Omit the pictures and extract only the lines from the line containing "Hermes Jane Ballet" to the end of the material, each exactly as written.

[Data records]
##########

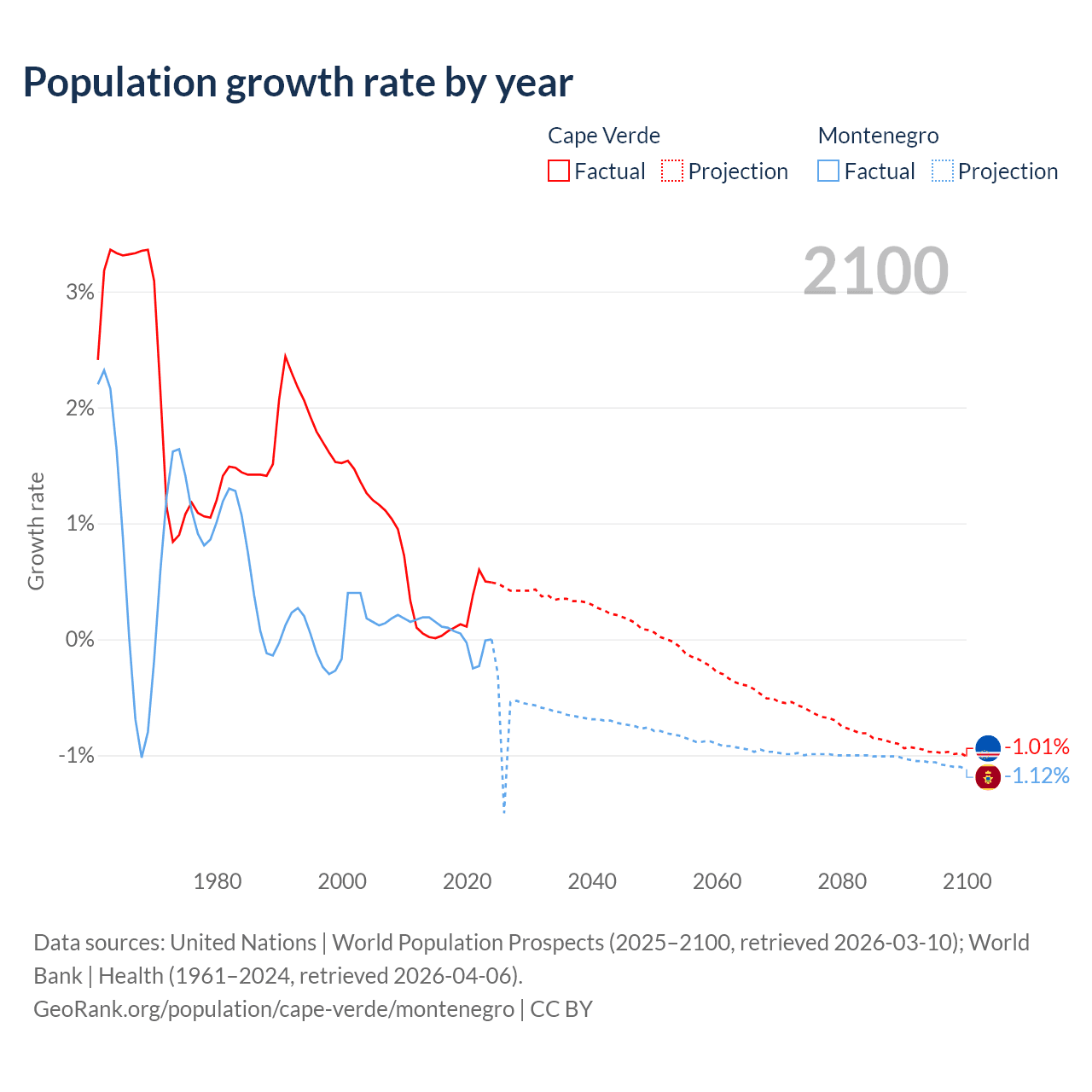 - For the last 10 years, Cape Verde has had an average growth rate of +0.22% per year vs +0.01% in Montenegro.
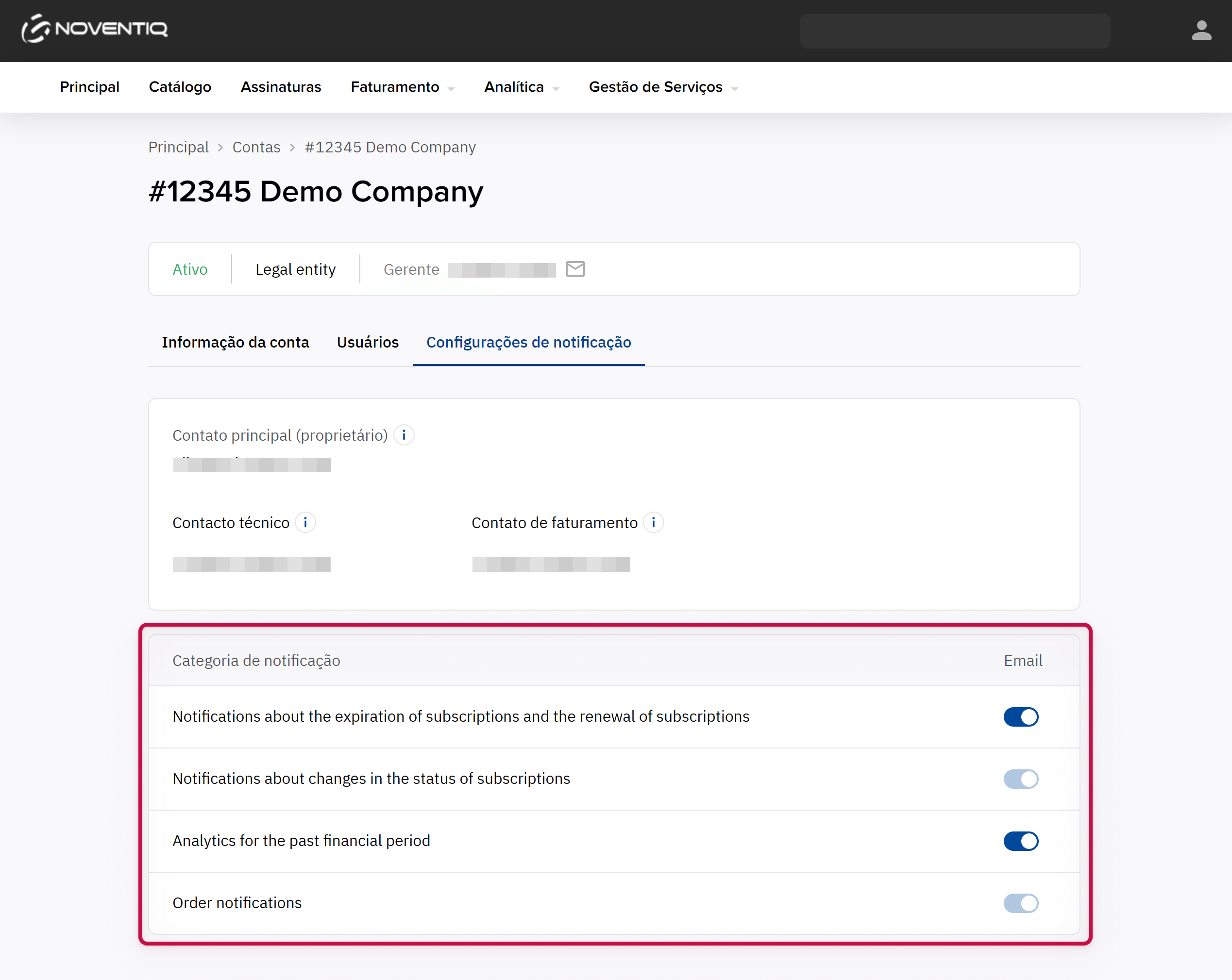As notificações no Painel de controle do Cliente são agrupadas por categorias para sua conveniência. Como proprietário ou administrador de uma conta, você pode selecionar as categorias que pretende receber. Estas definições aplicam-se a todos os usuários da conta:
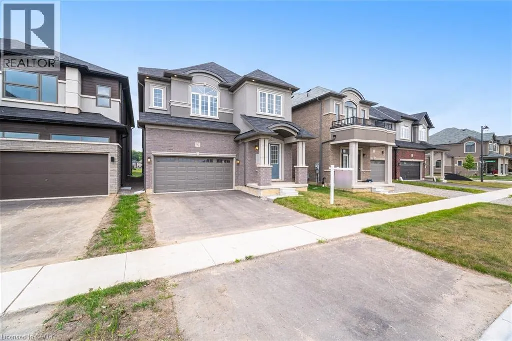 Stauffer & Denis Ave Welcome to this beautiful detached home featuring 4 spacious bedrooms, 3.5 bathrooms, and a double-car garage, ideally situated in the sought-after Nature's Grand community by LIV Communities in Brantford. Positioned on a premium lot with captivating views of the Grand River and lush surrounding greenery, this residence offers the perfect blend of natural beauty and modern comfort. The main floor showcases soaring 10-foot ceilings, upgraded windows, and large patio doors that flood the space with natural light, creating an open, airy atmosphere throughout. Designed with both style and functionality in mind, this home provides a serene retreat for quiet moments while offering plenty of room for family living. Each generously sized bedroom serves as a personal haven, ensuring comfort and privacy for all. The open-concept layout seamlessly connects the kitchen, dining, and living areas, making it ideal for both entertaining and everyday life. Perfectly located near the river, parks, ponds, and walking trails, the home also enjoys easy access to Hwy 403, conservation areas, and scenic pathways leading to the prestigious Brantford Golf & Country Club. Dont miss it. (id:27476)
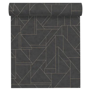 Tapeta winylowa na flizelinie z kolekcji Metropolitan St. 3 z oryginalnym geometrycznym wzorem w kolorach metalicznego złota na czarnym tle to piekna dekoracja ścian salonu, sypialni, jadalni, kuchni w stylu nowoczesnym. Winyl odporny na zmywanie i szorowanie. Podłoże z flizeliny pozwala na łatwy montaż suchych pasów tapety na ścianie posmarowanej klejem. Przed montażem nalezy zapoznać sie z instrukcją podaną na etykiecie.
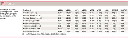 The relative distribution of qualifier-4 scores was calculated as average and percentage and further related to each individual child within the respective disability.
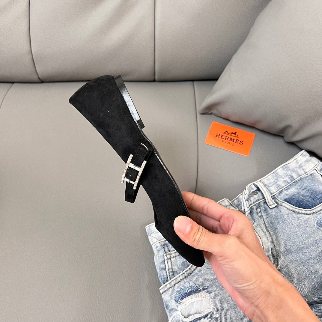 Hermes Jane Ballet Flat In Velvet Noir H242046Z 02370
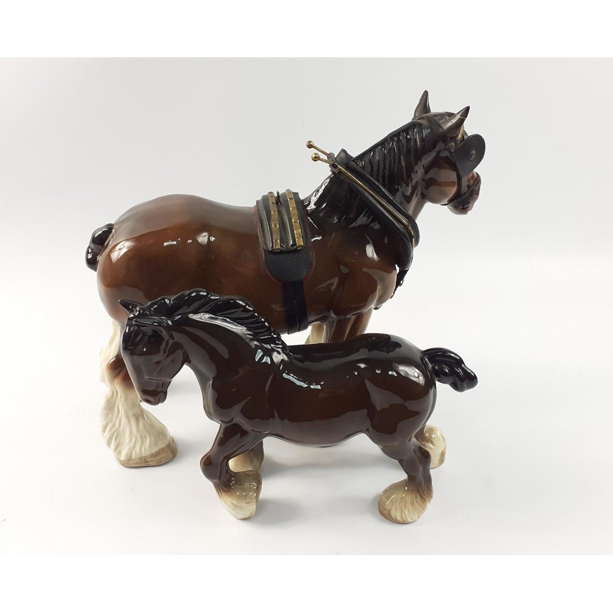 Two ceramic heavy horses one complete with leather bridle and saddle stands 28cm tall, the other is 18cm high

##########

[Answer box]
 Hermes Jane Ballet Flat In Velvet Noir H242046Z 02370
 Two ceramic heavy horses one complete with leather bridle and saddle stands 28cm tall, the other is 18cm high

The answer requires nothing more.